** INFORMATION GIVEN follows **

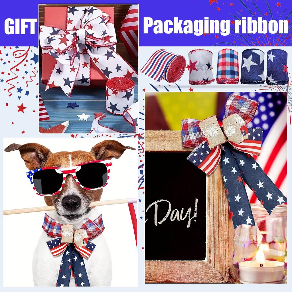 Декоративная лента ко Дню независимости, лента с бантом и звездами, лента для упаковки подарков
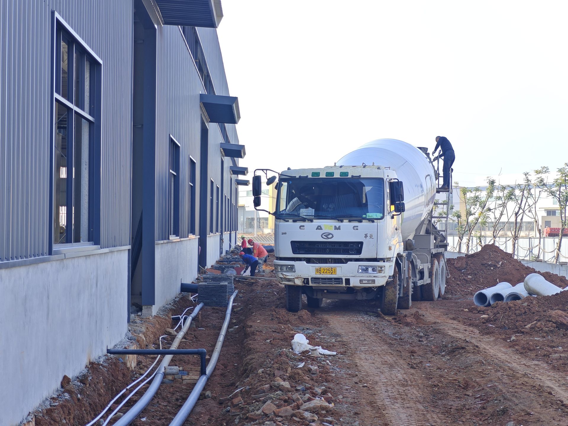 9日,在临空区·还地桥镇下堰村,湖北宇骞冷链物流有限公司项目正在如火如荼地建设中。工人们抓紧时间填埋污水管道、贴地砖。
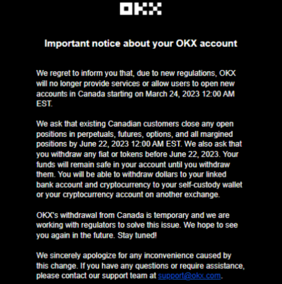 Vào ngày 20 tháng 3, sàn giao dịch tiền điện tử OKX đã thông báo cho người dùng Canada qua email rằng công ty “sẽ không còn cung cấp dịch vụ hoặc cho phép người dùng mở tài khoản mới ở Canada bắt đầu từ ngày 24 tháng 3 năm 2023, 12:00 AM EST”, trích dẫn “các quy định mới”.
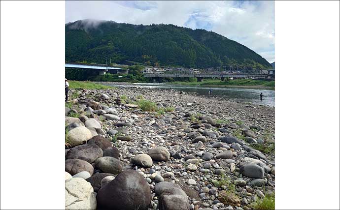 右岸は通称新淵で、ここも終盤アユがたまる鉄板ポイント。左岸は釣りやすい瀬が続く。ここは左岸からもアプローチ可能。オモリや背バリを駆使して、オトリを止めて待つとよく釣れる印象だ。
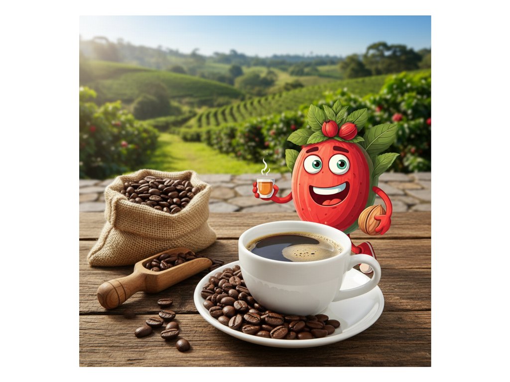 Pražená zrnková plantážní káva (100% arabika). Směs vybraných brazilských arabik.
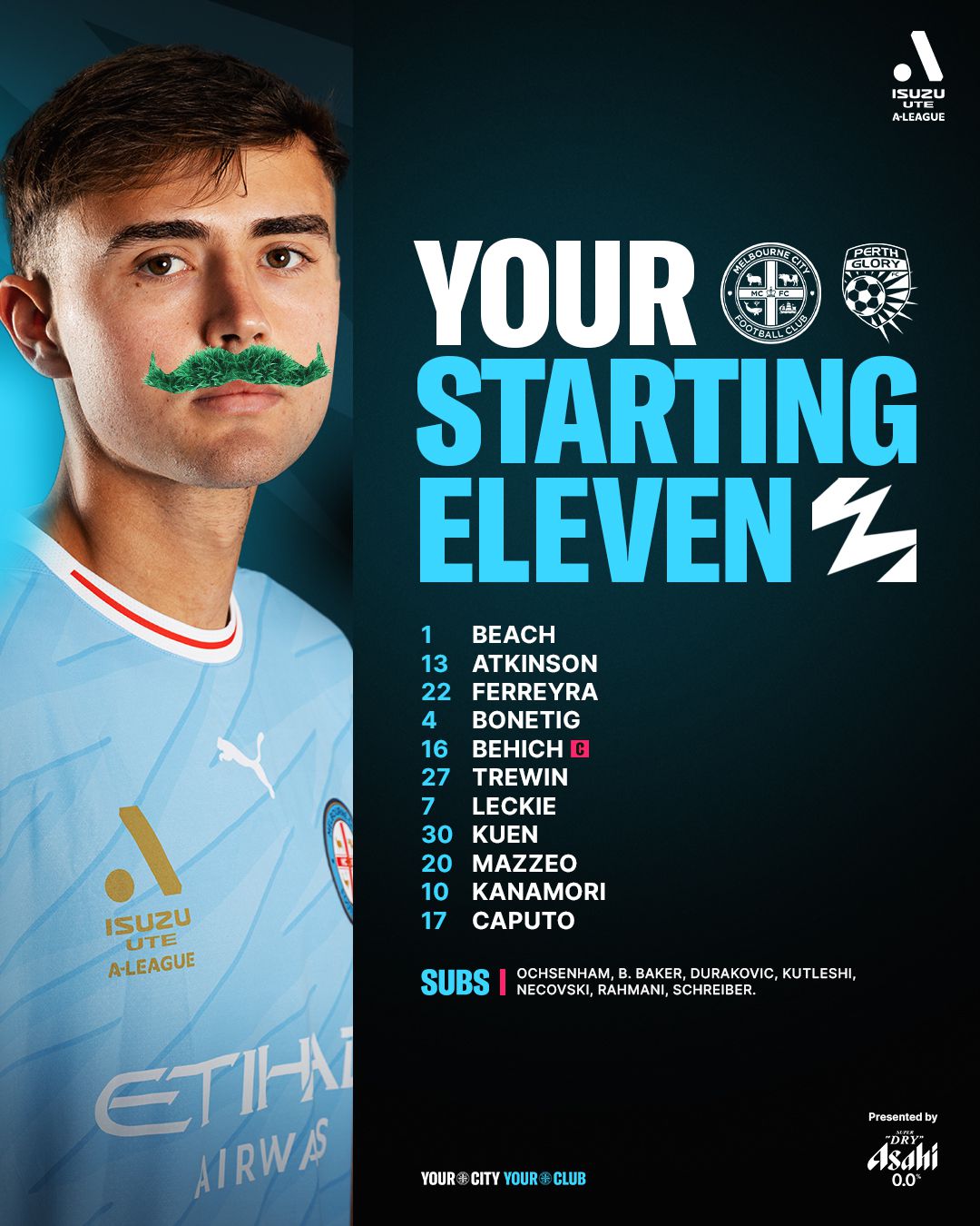 墨尔本城后备队员阵容:33-奥森汉姆、34-内科夫斯基、44-库特勒希、39-杜拉科维奇、19-施赖伯、47-拉赫马尼、38-贝克
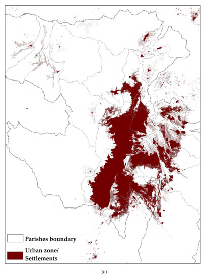 2.3. Calculation of the Spatial Urban Expansion Scenarios for the DMQ’s Rural Parishes of the Next 50 Years
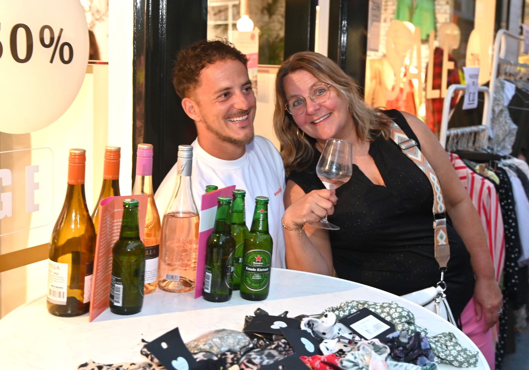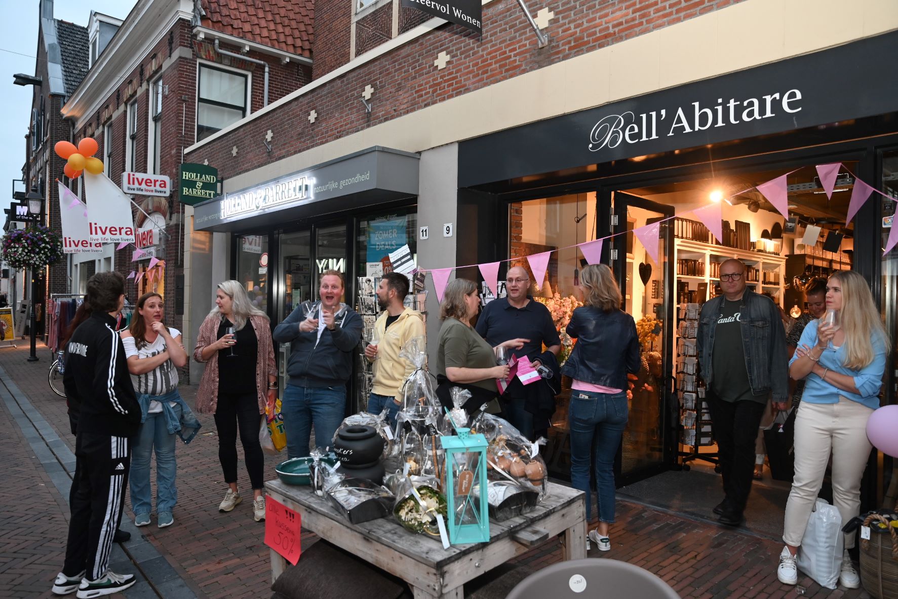 Tijdens de Nacht van Nijkerk was er helaas geen braderie maar dat gemis werd ruimschoots gecompenseerd door het Voorproefje. Welgeteld 202 mensen hebben deelgenomen aan de activiteit van Proef de Passie. Dat hadden er ook niet veel meer moeten zijn, want er waren slechts 204 glazen met inscriptie beschikbaar. Diverse winkeliers stelden hun winkel open voor een hapje en drankje. Verder liepen twee kolderieke typetjes rond door de winkelstraten: Flower Power Paula en Pink Lady. Zij waren ingehuurd om iedereen te laten lachen tijdens het shoppen en proeven. Foto Kees van den Heuvel
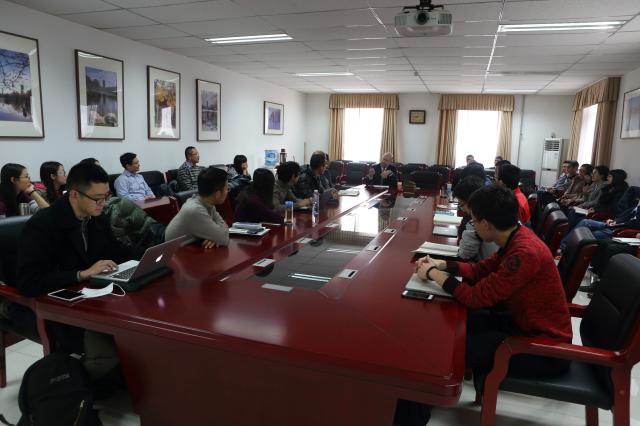 21日上午,汉森教授与物理学院及其他学院的30余名师生进行了座谈。在老师和同学们各自作了简要的自我介绍之后,汉森教授针对师生们提出的一系列问题都做了详细的答复。他特别就全球气候变化的最新研究进展以及中美两国在气候变化问题上采取的措施和未来合作前景进行了展望,同时提出了对解决气候变化以及空气污染问题一箭双雕的解决方案:碳排放费和发展核能。他特别指出中国处在经济发展快车道上,能源需求旺盛,在清洁能源的发展上有着比美国更好的社会、政治和经济条件,也具有更好的前景。之后他还就2015年的厄尔尼诺现象、全球变暖停滞、行星温室逃逸、我们对气候问题的认识历程等多个最新前沿科学问题与在座的老师、同学们进行了热烈的讨论。
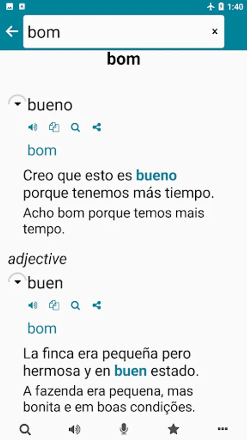 A quick Portuguese Spanish offline dictionary, alternative translation, frequently used sentences, tests (writing, listening, speaking) and games...
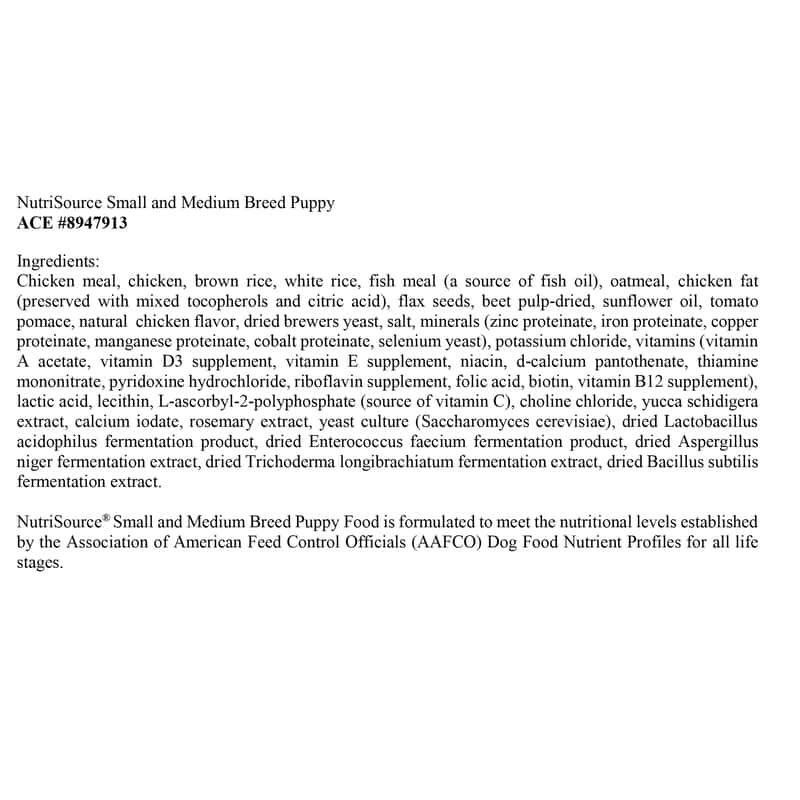 Nutrisource small breed puppy food clearance feeding chart, NutriSource Puppy Chicken Meal and Rice Dry Dog Food 15 lb Ace clearance

** End of INFORMATION GIVEN **

[EXERCISE INSTRUCTIONS] Leave out the pictures, then repeat the listing above exactly from its first line to the line with "2.3. Calculation of", inclusive.

[COMPLETED TASK]
 Декоративная лента ко Дню независимости, лента с бантом и звездами, лента для упаковки подарков
 9日,在临空区·还地桥镇下堰村,湖北宇骞冷链物流有限公司项目正在如火如荼地建设中。工人们抓紧时间填埋污水管道、贴地砖。
 Vào ngày 20 tháng 3, sàn giao dịch tiền điện tử OKX đã thông báo cho người dùng Canada qua email rằng công ty “sẽ không còn cung cấp dịch vụ hoặc cho phép người dùng mở tài khoản mới ở Canada bắt đầu từ ngày 24 tháng 3 năm 2023, 12:00 AM EST”, trích dẫn “các quy định mới”.
 右岸は通称新淵で、ここも終盤アユがたまる鉄板ポイント。左岸は釣りやすい瀬が続く。ここは左岸からもアプローチ可能。オモリや背バリを駆使して、オトリを止めて待つとよく釣れる印象だ。
 Pražená zrnková plantážní káva (100% arabika). Směs vybraných brazilských arabik.
 墨尔本城后备队员阵容:33-奥森汉姆、34-内科夫斯基、44-库特勒希、39-杜拉科维奇、19-施赖伯、47-拉赫马尼、38-贝克
 2.3. Calculation of the Spatial Urban Expansion Scenarios for the DMQ’s Rural Parishes of the Next 50 Years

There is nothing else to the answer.